Microwave Massacre is a 1979 American black comedy horror film directed by Wayne Berwick and starring Jackie Vernon.

In the film, a drunk middle-aged man kills his wife during an argument. After eating part of his wife's hand, he acquires a taste for human flesh. He seeks further victims to cannibalize. The killer ignores problems with his pacemaker until they prove fatal.

== Plot ==

Donald is an overweight, middle-aged construction worker with a big problem: his shrew of a wife May has started to only cook gourmet foods in a Hyacinth Bucket–style misguided effort to make themselves seem classier than they are. While his friends Roosevelt and Phillip dine on simple bologna-and-cheese sandwiches for lunch, Donald is saddled with crab sandwiches and other cooking atrocities. To his horror, he discovers his wife has bought an unusually large Major Electric microwave oven, which makes the meals worse in half the time.

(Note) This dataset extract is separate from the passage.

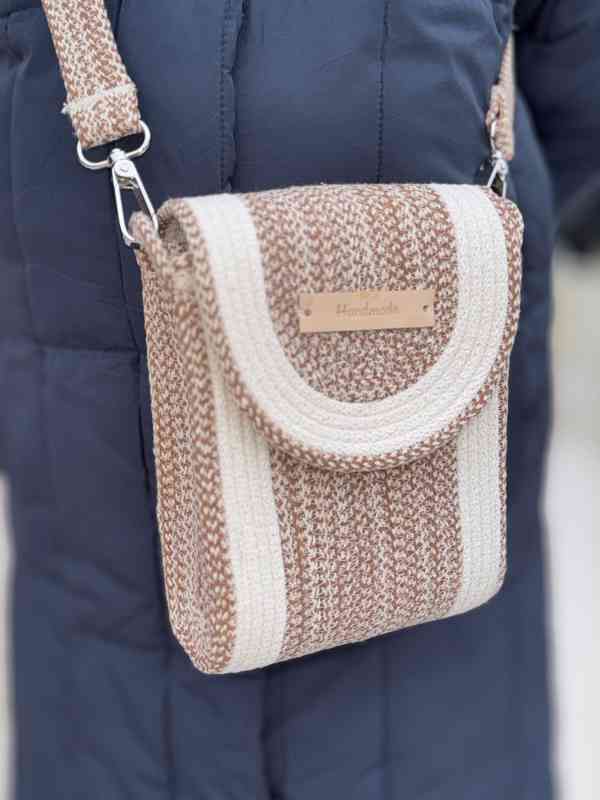 Rozměr 35 x 37 cm. Odšité dno 7 cm. Délka popruhu až 170 cm. Uvnitř bavlněná podšívka. Na jedné straně jedna větší kapsa, na druhé straně dvě menší kapsy.

After coming home drunk one night and getting into an argument with May, Donald loses his temper and bludgeons her to death with a large salt shaker. He wakes up the next day with a bad hangover, no memory of the night before, and a growling stomach. He discovers May's corpse in the microwave and after the initial wave of horror passes, he starts to take it in stride, telling his co-workers that he and May separated. After work, he then cuts up May's body and stores it in foil wrap in the refrigerator. A running gag involving May's head retaining some sort of sentience is introduced during this scene.

Looking for a midnight snack one night, Donald unintentionally takes a few bites of May's hand, and (again) after the initial wave of horror passes, he realizes it is the best thing he has ever eaten. He even brings some to work with him and shares it with Phillip and Roosevelt, who concur. He soon starts picking up hookers and using them for meat in his recipes.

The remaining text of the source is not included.